Yes, you can make everything the night before except the noodles. This copycat chicken noodle soup tastes even better the next day. Reheat the soup in a large pot on the stove over medium heat.
Panera serves their chicken noodle soup with your choice of baguette, kettle chips, or an apple.
To round out your meal, add a light green salad, a slice of crusty bread, and some fresh fruit.
How to Make
Gather all the ingredients. Dice the onion. Mince the garlic, and chop up the carrots, celery, and parsley.
Melt the butter over medium heat, then add the onions, carrots, and celery. Cook until the onion is soft and golden brown, about 6 minutes.
Add the garlic, thyme, and the bay leaves. Stir constantly until the spices bloom and the garlic is fragrant, roughly 1 minute.
Deglaze the pot with a wooden turner and ¼-1/2 cup of chicken broth. Scrape the brown bits off the bottom of the pot to give more flavor to the soup.
Pour in the rest of the broth. Cover and bring to a boil, then reduce to a simmer.
Taste and add the salt, black pepper, onion powder, and turmeric. Stir well.
Submerge the 2 chicken breasts in the broth and simmer for 20 minutes, then remove them to see if their internal temperature is 165°F. Allow the chicken to cool enough to handle, then cut or shred the chicken into bite sized pieces and stir it into the soup. Taste and adjust any seasonings, if necessary.
Cook the wide egg noodles according to the package directions. Drain, rinse with cold water, and toss with 1 teaspoon of olive oil to prevent sticking.
Remove the soup from the heat and stir in the freshly chopped parsley.

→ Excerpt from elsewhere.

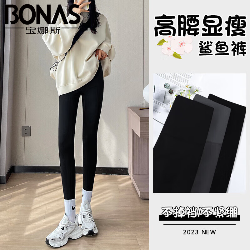 宝娜斯(BONAS)无痕鲨鱼裤女打底裤四季高腰可外穿高弹提臀骑行瑜伽裤 黑色-四季款 1条 M (适合80-105斤)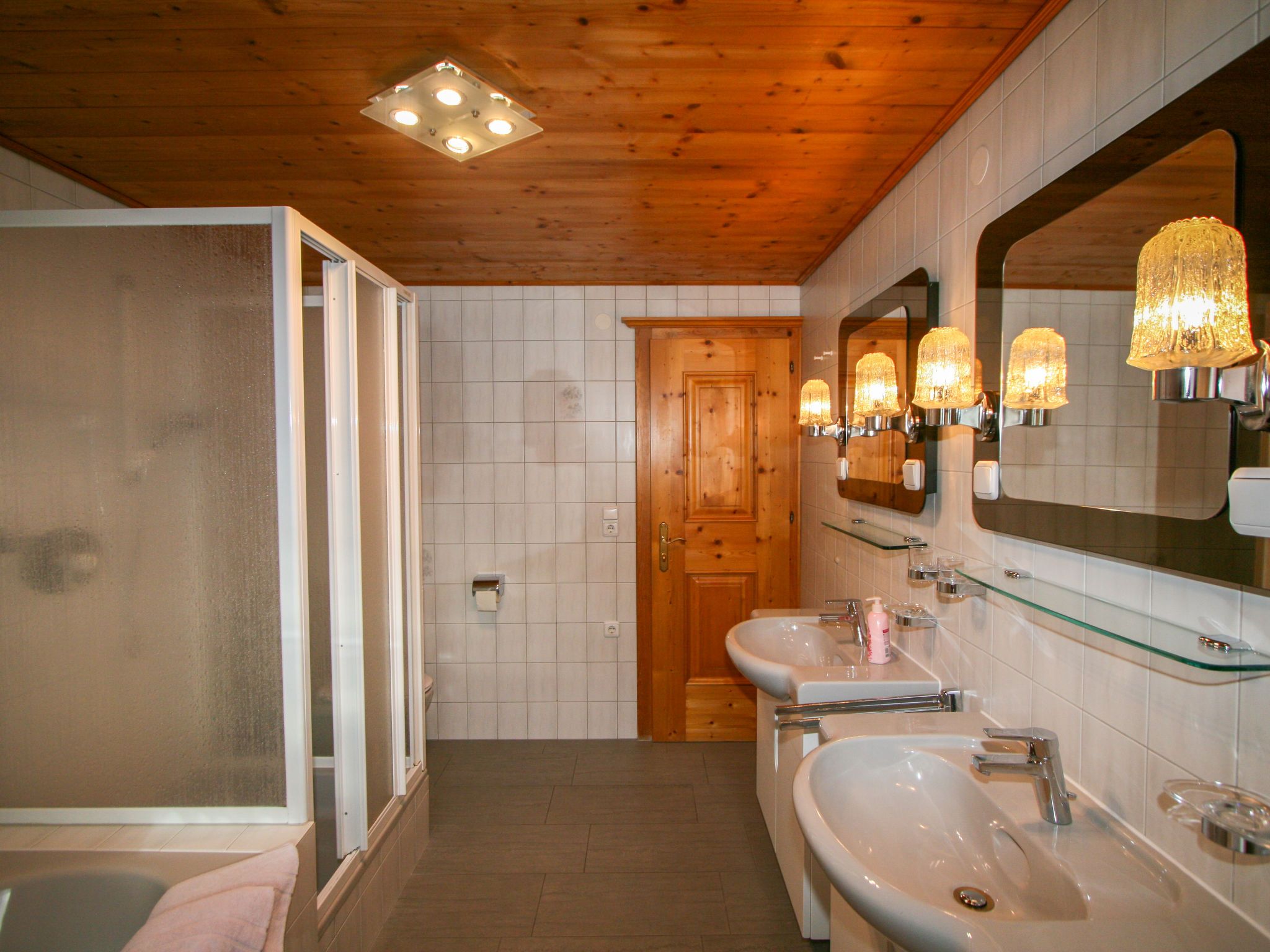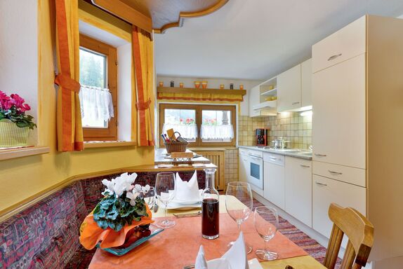 Comfortappart Eberharter, 5-Zimmer-Wohnung 120 m2 auf 2 Stockwerken. Geschmackvoll und mit viel Holz eingerichtet: Dusche, sep. WC. Obergeschoss: Wohnzimmer mit Sat-TV, Radio, CD und DVD. Küche (Backofen, Geschirrspüler, 4 Glaskeramikplatten, Toaster, Wasserkocher, Mikrowelle, elektrische Kaffeemaschine) mit Esstisch. 2. Obergeschoss: 1 Doppelzimmer mit Waschbecken. 1 Zimmer mit 2 Betten. 1 Zimmer mit 1 Bett und 1 Doppelbett. 1 Zimmer mit 1 Bett und 1 x 2 Etagenbetten. Bad/Dusche/WC, Doppelwaschbecken. Heizung. Parkettboden, Teppichboden. Balkon, Terrasse überdacht. Terrassenmöbel. Schöne Panoramasicht. Zur Verfügung: Kinderhochstuhl, Babybett. Internet (Wireless LAN, gratis). Bitte beachten: Nichtraucher-Unterkunft. Eigener Eingang, Rauchmelder.

To serve, place ½ cup of cooked noodles in the bottom of each bowl. Ladle the soup on top and serve hot.
- Want your soup thicker? Whisk cornstarch with 1 cup of hot broth and return to pot..
- Want more vegetables? Double the carrots and celery.
- Don't like egg noodles? Use any other small pasta.
- Want to add another spice? Try rosemary.
- Need this gluten free? Use gluten free pasta.
- For the best flavor use fresh ingredients, not frozen.
- Cook the onion until it's soft and golden brown.
- Deglaze the pot with chicken broth.
- Taste before adding the uncooked chicken and then again at the end and adjust seasonings to your preference.
- Don't cook the noodles in the soup, they will absorb the liquid and will get soggy.
Love Panera soups? Check out our other copycat recipes.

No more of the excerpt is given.